Learning Objectives:

  1. Define the term "biophilia."
  2. Discuss the potential therapeutic effects of incorporating biophilic elements in health-care facilities.
  3. Outline the history of scientific research relating to biophilia.
  4. Describe the biophilic elements incorporated into two current examples of health-care facilities and discuss how these elements are integrated with the buildings' structural, mechanical, and envelope systems.

Credits:

HSW
1 AIA LU/HSW

The word “biophilia” is increasingly bruited about in debates on the design of health-care facilities. Although the term sounds like an incurable physical ailment, it actually means “love of life or living systems.” First used by social psychologist Erich Fromm in the mid-1960s, the word was popularized by biologist Edward O. Wilson in his 1984 book of the same name, referring to humans’ innate attraction to nature. Biophilic architecture accordingly embraces nature or natural elements to improve occupants’ physical and mental health, increase productivity, and enhance overall well-being.

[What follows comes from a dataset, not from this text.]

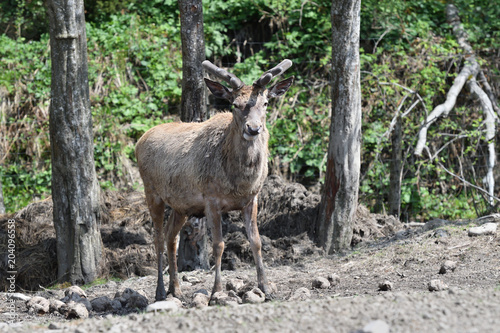 deer stag with growing antler grazing close-up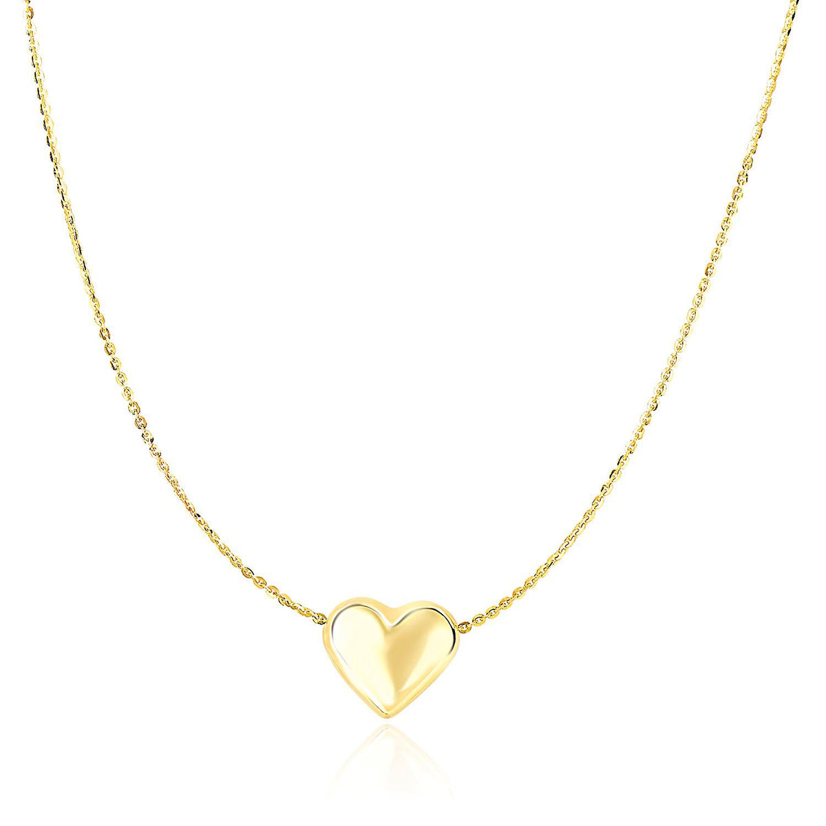 14k Yellow Gold Chain Necklace with Sliding Puffed Heart Charm

Not surprisingly, the study of these therapeutic effects has its own history. The same year that Wilson’s book came out, Roger Ulrich published the first rigorous study of the relationship between health outcomes and physical surroundings. Ulrich, co–founding director of the Center for Health Systems & Design at Texas A&M University, reviewed records for two groups of patients recovering from gallbladder surgery in a suburban-Philadelphia hospital. One set recovered in rooms that overlooked a small stand of deciduous trees, while the other set occupied rooms that looked out onto a brick wall. Ulrich found that the patients with views had shorter postoperative hospital stays, took fewer and less potent analgesics, and were less likely to develop complications.

Since that groundbreaking study, at least 50 others have been published that demonstrate a link between biophilic features—such as daylighting and views of nature—and faster recovery rates, decreased dependency on medication, and reduced stress for both family members and staff, according to Terrapin Bright Green, an environmental-consulting and strategic-planning firm. Terrapin recently published its own study, The Economics of Biophilia. The white paper assigns financial value to productivity and human health benefits garnered by incorporating nature into a variety of building types, including schools, offices, retail spaces, and hospitals. For example, by correlating current data on the average per diem expense of inpatient care with the results of Ulrich’s 1984 study, the paper concludes that deployment of biophilic strategies in health-care facilities nationwide could reduce the average cost of a postsurgery hospital stay by about $2,000 and save Americans more than $93 million each year. The objective was not to pinpoint exact industry savings, says Terrapin partner Bill Browning; “instead, we wanted to provide a sense of their order of magnitude.”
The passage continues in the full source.